Całe kompanie, bataliony pod włoskim dowództwem i w niemal niezmienionym stanie osobowym, poza przydzieleniem niemieckiego oficera lub podoficera podjęły dalszą walkę. Wytworzyła się dość specyficzna i dziwna sytuacja, kiedy to włoscy żołnierze we włoskich mundurach i pod włoskim dowództwem walczyli dalej po stronie jakby nie było dawnego sojusznika nie mając swojego dowództwa i władzy zwierzchniej. Składali dodatkowo przysięgę na wierność Adolfowi Hitlerowi, wodzowi żołnierzy armii niemieckiej. Trwało to do momentu utworzenia Włoskiej Republiki Socjalnej (Repubblica Sociale Italiana, RSI) 18 września 1943 r.
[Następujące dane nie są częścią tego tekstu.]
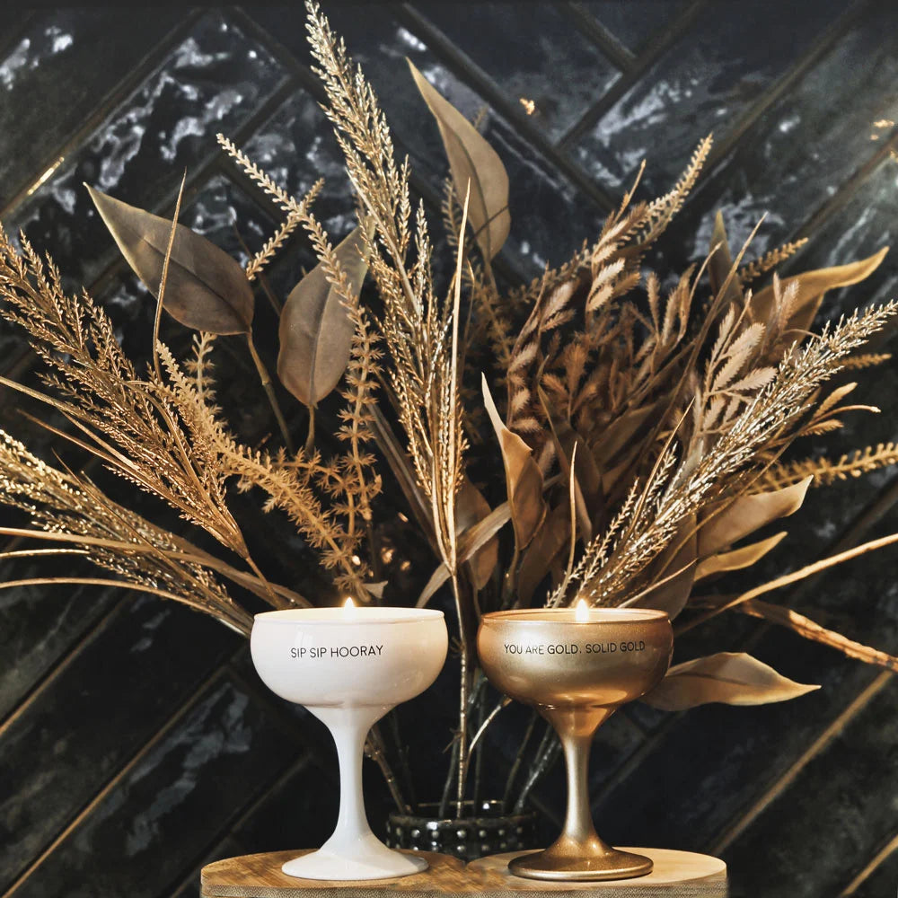 Te leuke geurkaars in een champagne coupe. De kaars is gemaakt van biologische sojawas en heeft de geur Fresh Cotton. Op de rand van het glas staat een toepasselijke tekst; Sip sip hooray. Een super leuk cadeau voor een verjaardag, als er iets te vieren is, of gewoon zomaar. De kaars brandt ca. 30 uur.

Ministerstwo Sił Zbrojnych RSI, na którego czele stał marszałek Rodolfo Graziani bardzo szybko zdało sobie sprawę, że ogromna część żołnierzy włoskich, którzy mogli zostać wykorzystani w kraju, walczy poza jego granicami w nie włoskiej armii. Podjęto więc działania, które miały to jak najszybciej zmienić. W Berlinie została utworzona Włoska Misja Wojskowa z sześcioma oddziałami ds. współpracy. Dowódcą i szefem misji był gen. Emilio Canevari, a po nim pułkownik (w czasie urzędowania awansowany na generała) Umberto Morera. Podjęto ścisłą współpracą z niemieckim Naczelnym Dowództwem Wehrmachtu, Luftwaffe i Kriegsmarine. OKW przysłało nawet listę jednostek, w których służyli włoscy ochotnicy. Lista zabierała wykaz 101 jednostek frontowych i tyłowych.
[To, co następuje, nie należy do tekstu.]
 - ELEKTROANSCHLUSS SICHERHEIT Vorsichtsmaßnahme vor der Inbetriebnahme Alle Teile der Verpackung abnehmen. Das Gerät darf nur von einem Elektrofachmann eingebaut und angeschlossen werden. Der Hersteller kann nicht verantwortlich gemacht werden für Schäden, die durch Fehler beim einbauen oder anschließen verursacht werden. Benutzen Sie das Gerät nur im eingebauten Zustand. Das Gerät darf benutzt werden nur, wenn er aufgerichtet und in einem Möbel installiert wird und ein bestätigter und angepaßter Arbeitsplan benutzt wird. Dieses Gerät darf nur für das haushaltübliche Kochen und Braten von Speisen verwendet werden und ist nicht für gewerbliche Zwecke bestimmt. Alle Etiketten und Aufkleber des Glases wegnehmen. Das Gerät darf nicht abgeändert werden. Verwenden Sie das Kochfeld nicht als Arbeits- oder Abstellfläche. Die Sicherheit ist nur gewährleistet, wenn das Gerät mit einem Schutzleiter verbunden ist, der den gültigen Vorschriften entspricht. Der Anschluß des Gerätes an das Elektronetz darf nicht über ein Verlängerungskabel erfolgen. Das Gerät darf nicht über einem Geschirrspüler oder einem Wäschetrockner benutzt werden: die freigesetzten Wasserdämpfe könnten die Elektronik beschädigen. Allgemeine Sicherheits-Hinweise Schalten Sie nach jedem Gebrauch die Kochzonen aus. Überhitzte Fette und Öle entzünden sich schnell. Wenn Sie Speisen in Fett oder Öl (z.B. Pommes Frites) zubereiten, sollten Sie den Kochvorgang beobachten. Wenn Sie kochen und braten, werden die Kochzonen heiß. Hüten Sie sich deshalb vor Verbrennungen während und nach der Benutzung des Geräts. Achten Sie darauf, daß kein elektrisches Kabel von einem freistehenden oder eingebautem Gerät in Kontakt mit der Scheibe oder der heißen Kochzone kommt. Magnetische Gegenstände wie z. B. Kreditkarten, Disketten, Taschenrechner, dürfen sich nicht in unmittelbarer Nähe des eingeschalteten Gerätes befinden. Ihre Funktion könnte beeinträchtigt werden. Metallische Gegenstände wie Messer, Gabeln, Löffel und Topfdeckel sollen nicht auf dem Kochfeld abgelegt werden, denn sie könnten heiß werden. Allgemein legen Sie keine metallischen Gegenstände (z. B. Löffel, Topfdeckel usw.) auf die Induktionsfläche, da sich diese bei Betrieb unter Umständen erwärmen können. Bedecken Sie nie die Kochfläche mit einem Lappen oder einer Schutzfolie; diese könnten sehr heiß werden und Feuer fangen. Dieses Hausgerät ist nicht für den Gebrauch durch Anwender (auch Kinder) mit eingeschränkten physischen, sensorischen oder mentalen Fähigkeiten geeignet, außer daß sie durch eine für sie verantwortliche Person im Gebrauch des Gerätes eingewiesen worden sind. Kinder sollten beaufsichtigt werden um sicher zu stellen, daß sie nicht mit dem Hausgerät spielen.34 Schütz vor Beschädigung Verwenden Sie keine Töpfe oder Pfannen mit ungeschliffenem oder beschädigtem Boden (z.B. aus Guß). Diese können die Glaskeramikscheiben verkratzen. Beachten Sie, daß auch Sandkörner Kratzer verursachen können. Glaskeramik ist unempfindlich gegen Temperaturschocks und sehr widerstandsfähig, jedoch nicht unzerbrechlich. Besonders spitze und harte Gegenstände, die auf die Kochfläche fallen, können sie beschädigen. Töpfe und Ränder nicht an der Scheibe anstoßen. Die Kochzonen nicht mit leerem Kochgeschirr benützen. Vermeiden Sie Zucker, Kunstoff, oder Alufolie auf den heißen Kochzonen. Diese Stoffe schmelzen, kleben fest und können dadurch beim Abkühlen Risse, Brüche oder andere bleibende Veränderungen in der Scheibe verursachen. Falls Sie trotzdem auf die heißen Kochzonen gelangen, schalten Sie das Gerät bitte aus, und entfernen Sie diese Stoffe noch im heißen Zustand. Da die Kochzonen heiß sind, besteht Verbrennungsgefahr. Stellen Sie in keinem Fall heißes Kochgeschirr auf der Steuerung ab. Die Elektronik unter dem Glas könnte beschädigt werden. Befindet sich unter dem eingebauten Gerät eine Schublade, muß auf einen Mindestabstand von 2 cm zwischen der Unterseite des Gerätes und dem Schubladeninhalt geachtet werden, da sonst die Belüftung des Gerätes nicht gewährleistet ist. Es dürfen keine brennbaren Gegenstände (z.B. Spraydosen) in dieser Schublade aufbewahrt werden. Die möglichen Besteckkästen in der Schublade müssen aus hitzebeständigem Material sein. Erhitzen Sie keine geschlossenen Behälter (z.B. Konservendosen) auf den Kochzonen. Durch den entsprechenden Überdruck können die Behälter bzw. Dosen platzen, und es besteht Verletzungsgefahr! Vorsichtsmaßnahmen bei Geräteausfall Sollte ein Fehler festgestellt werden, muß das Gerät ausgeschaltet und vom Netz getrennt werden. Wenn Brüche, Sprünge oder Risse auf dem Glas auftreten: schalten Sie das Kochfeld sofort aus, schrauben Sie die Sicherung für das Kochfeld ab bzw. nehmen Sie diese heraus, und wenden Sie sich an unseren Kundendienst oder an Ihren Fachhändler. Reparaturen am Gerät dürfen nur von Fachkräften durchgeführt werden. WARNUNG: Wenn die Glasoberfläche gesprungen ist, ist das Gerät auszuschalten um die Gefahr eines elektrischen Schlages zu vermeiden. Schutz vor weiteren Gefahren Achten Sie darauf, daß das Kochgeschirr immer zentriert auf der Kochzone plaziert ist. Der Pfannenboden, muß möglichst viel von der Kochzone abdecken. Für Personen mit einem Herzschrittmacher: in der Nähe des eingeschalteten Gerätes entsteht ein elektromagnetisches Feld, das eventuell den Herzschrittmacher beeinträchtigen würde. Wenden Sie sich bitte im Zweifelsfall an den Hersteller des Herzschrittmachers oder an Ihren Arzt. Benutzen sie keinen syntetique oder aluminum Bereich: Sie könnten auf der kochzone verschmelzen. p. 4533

W prace włoskiej misji zaangażował się 1. Ausländer Amt ds. włoskich, który odpowiadał za współpracę od strony niemieckiej. To te służby miały za zadanie koordynować i organizować Włochów wiernych wobec Mussoliniego w służbę na rzecz wspólnej, dalszej walki. Podjęto rozmowy na temat jurysdykcji nad oddziałami w składzie Wehrmachtu oraz nad internowanymi żołnierzami, aby przeprowadzić wśród nich akcję werbunkową. Pojawiły się jednak zgrzyty. O ile Niemcy nie mieli nic przeciwko, żeby Włosi w szeregach ich oddziałów nosili nowe umundurowanie, mieli nową flagę czy nowych oficerów, to nie chcieli się pozbywać ani jednego oddziału włoskiego ze swych szeregów i wysyłać ich do Włoch.
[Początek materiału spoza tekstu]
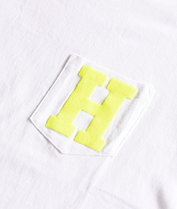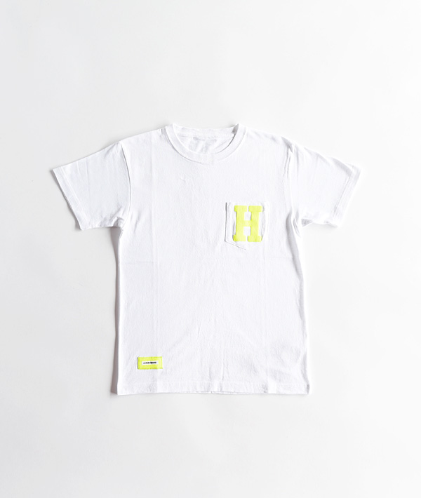 リメイクシリーズの新作ポケットTシャツです。左胸ポケットにHロゴを施したシンプルなデザイン。右裾のブランドタグも程よいアクセントになっています。

Na froncie wschodnim potrzebowano każdego żołnierza, a jeśli był doświadczony, lojalny i nie był Niemcem – tym lepiej. W końcu zgodzono się, że pojedyncze grupki żołnierzy z konkretnych oddziałów lub pojedynczy żołnierze wrócą do kraju, natomiast oddziały miały zostać w miejscu stacjonowania. Oficjalnie każdy z oddziałów podlegał dowództwu wojskowemu RSI w praktyce jednak te jednostki podlegały dowództwu niemieckiemu, od jednostki z którą współpracowali po dowództwo dywizji, korpusu itp.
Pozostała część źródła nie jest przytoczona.